– Какая дивная ночь! Пахнет тополями, как духами. А какие звезды… прямо сияют, как… – …алмазы! Следующий номер: «Друг мой, брат мой, усталый страдающий брат!»… Ого-о, мда-а… – высунулась лохматая голова над нею, и я задрожал от ревности. – Здорово несет навозом, и все помойки жадно дышат густейшими испарениями! Весна!… Чудная пора любви, надежд и… котов! Стойте! Сейчас я вам спою…
Я узнал отвратительный, жирный баритон студента. «Пошляк! – обругал я его в душе, – ты все отравляешь своим гнусным прикосновением!»
– Только что-нибудь вдохновенно-высокое! – сказала она мечтательно.
– Как Иван Великий! – отозвался чей-то скрипучий голос. – Жарьте, Кузьма Кузьмич, про «трех граций». Здорово у вас выходит…
– Не смейте про «граций»! Не люблю этой гадости… – закричала она капризно.
– Это же не про вас, Симочка! – заскрипел голос, и я разглядел в окне низенькую толстую фигуру, похожую на «Рожу». Но то была не «Рожа», та была во всем черном, а эта – в белом. И звали ее – Павел Тихоныч.
Гитара пустила плясовую, и жирный баритон начал:
Три девицы под окном,
Ждали поздно вечерком!
У одной-то глаз подбитый,
У другой затылок бритый,
Третья – без скулы!…
– Трре-тья… без скулы! – поддержал и скрипучий голос, должно быть – фельдшера. – А где ж «Губа»-то наша?
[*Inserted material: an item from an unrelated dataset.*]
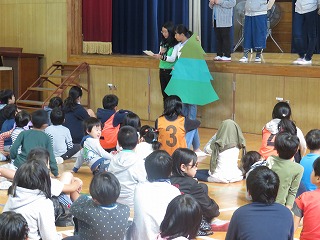 今日の児童集会は「もの当てゲーム」でした。カーテンの間を飛んでいるものを当てます。

Неужели голубки еще воркуют?!
– Они читают что-то такое… запрещенное цензурой! – заговорщицким тоном сказал студент.
– Ну, господа… вы же знаете, что это платоническая любовь. Ксенофонтушка очень мил, и мне его страшно жалко… Зачем же пошлости?! – сказала Серафима. – Зачем уходить в натурализм?…
Я был растроган: какое благородство!
– Ах вы, идеалистка надсоновская! – сказал студент, и я заликовал от счастья: она – идеалистка, как и я! она не может опускаться до пошлостей!
– А мне он нравится, это я понимаю!… Это «ученик седьмого класса!» – закричал студент, и я навострил уши. – «Ответьте мне, кррасавица, что да!! И буду я рабом последним завсегда!»…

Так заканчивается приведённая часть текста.